Design Factors Influencing Power Reduction in Thermomechanical In-Plane Microactuators

2007 ◽  
Author(s):  
John N. Harb ◽  
Scott M. Lyon ◽  
Jenny Larsen ◽  
Larry L. Howell ◽  
Timothy W. McLain
Keyword(s):  
Steady State ◽  
Input Voltage ◽  
Input Power ◽  
Power Reduction ◽  
Heat Losses ◽  
Efficient Design ◽  
Environment Change ◽  
Output Force ◽  
Design Factors ◽  
High Output

The TIM (Thermomechanical In-plane Microactuator) is a thermal actuator that offers a high output force at a low input voltage, in a design that can be easily modified to match force and displacement requirements of various applications. The purpose of this paper is to examine factors that affect the steady-state power requirements of a TIM. Reducing the power requirements of the TIM is critical for its use in some systems such as autonomous microsystems. The influence of several geometric modifications and one environment change on energy loss and actuator efficiency was investigated.
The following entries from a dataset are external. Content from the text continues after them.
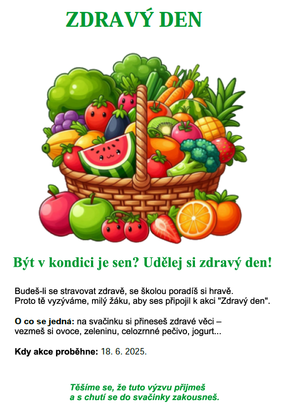 Žákovský parlament zve žáky 1. stupně, aby se připojili k akci „Zdravý den“. Bližší informace naleznete v letáku.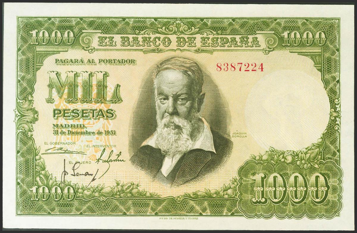 1000 pesetas. December 31, 1951. No series. (Edifil 2021: 463). Good Extremely Fine.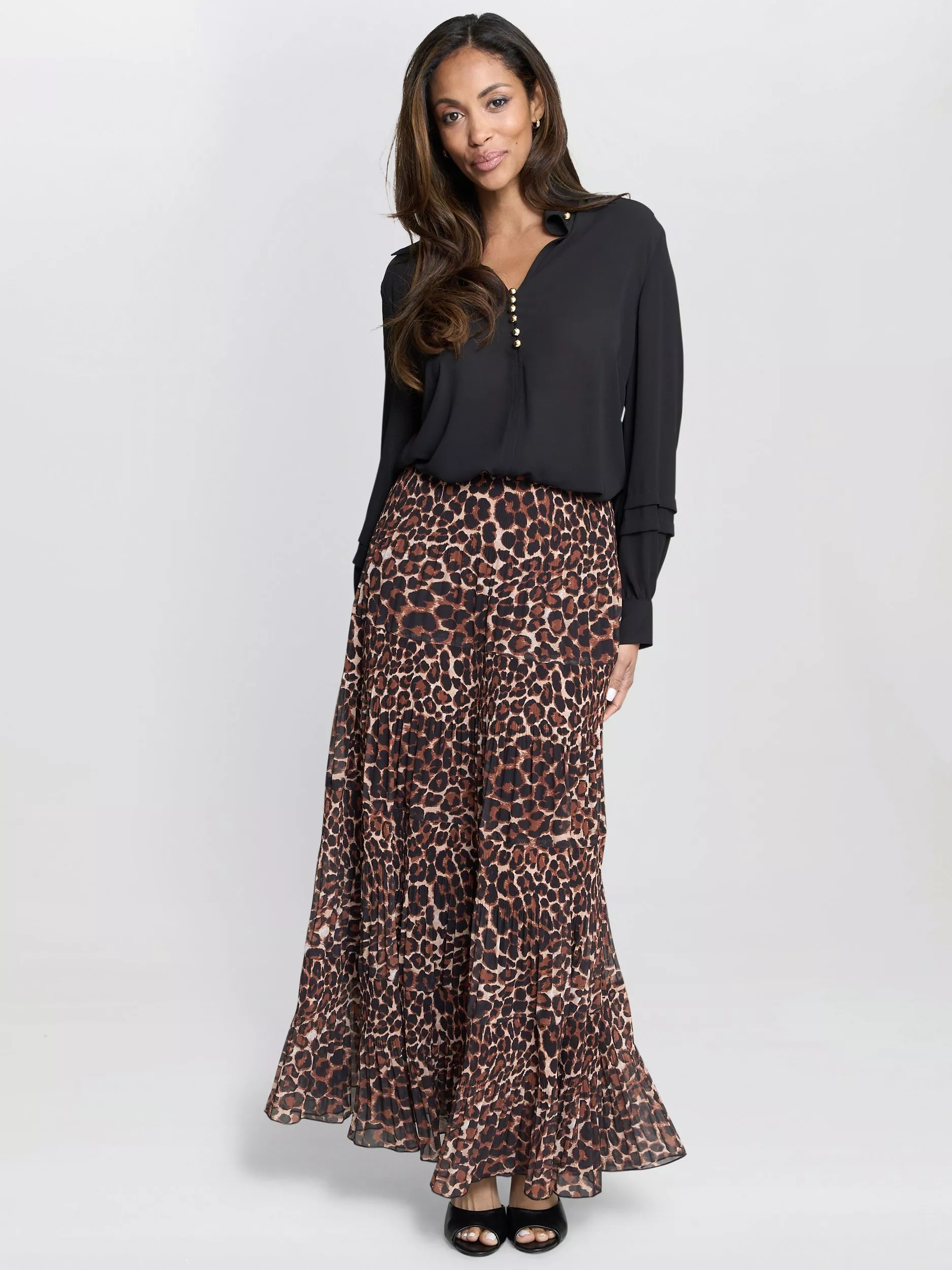 This skirt features a striking leopard print on lightweight, pleated fabric that moves beautifully with every step. You can dress it up or wear it casually.

The steady-state deflection of five different TIM designs was measured for various levels of input power in both air and vacuum. The extent of the power reduction for the most efficient design in air varied with deflection from about 40 percent at 4 μm deflection to 20 percent at a deflection of 8 μm. The most significant reduction in power was observed for devices tested under vacuum where conduction from the legs through the air to the substrate was minimal due to reduced heat losses at the low pressure.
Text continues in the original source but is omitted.